Elsie ran to the back kitchen, donned the pilot-cloth coat and the tam-o'-shanter, and slipped out through the side door into the wet drizzle of a cold autumn evening.
"Ooh!" She turned up the collar of the coat, and pushed her gloveless hands deep into her pockets as she hurried along the pavement. It shone wet and dark, giving blurred reflections of the lamps overhead. Every now and then a tram jerked and clanged its way along the broad suburban road.
Only a few shops were lit along the road. Most of the buildings on either side were houses that displayed a brass sign-plate on the door, or a card with " Apartments " in one of the windows. Right at the end of the street, a blur of bluish light streamed out from the Palatial Picture House.
"I thought you weren't coming," said young Roberts, reproachfully. "It's long after eight." He wore a light overcoat and he, also, had turned up his collar as a protection against the rain.

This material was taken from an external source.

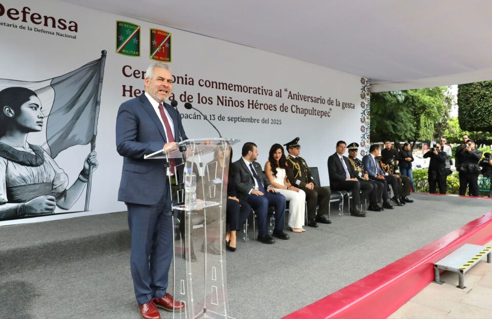 Morelia, Michoacán, 13 de septiembre de 2025.- El gobernador Alfredo Ramírez Bedolla hizo un llamado a seguir el ejemplo de valentía y patriotismo de los Niños Héroes de Chapultepec para defender la soberanía de México con firmeza y enfrentar cualquier amenaza con ideas, capacidades, diplomacia y diálogo.
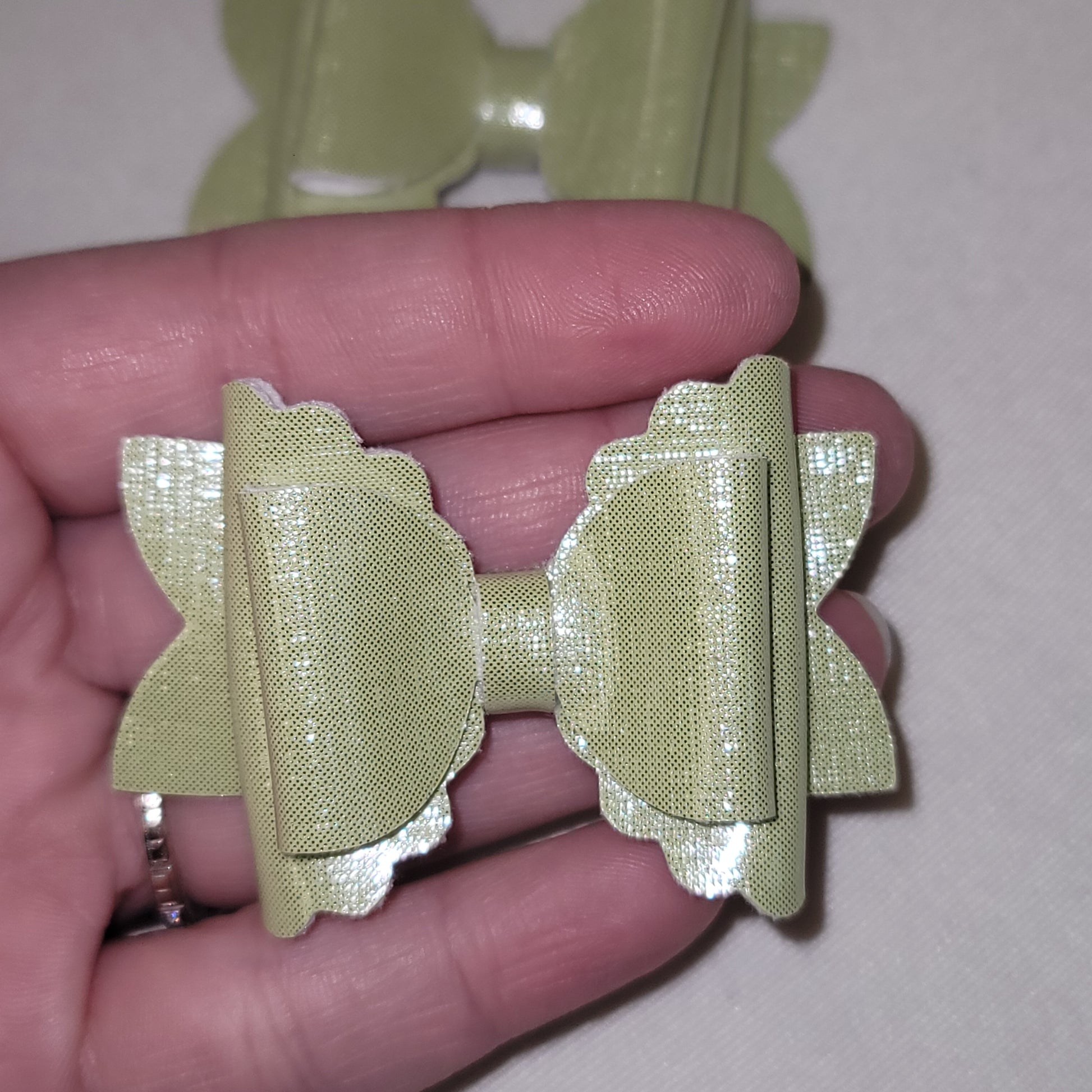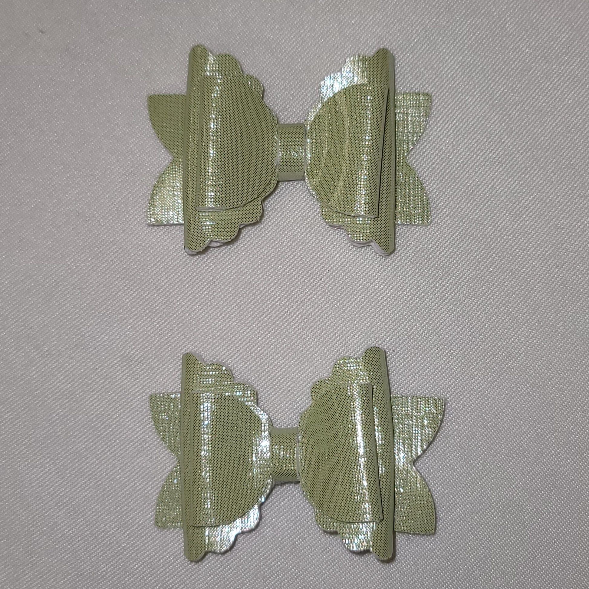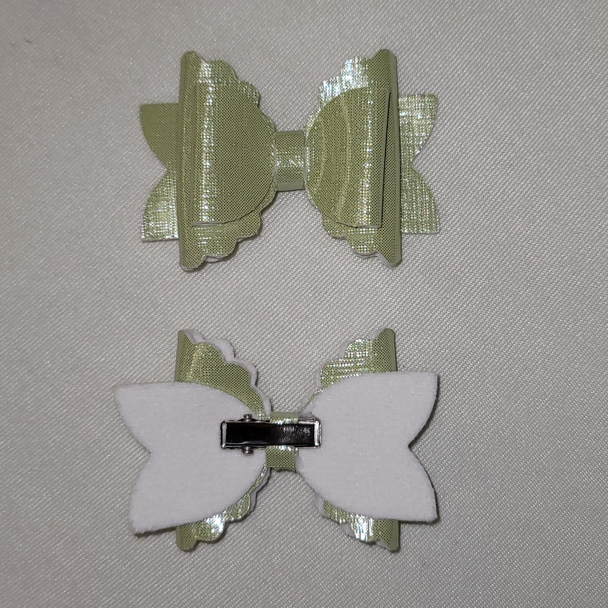 Light green shimmer vinyl material with soft backing. 2.5 inch piggy style bows secured on an alligator clip.

"I had to help mother, of course. And if you want to know, I ought to be there now." She laughed up at him provocatively.
"Come on in," he said, pulling her hand through his arm.
This was Elsie's real life.
Although quite incapable of formulating the thought to herself, she already knew instinctively that only in her relations with some man could she find self-expression.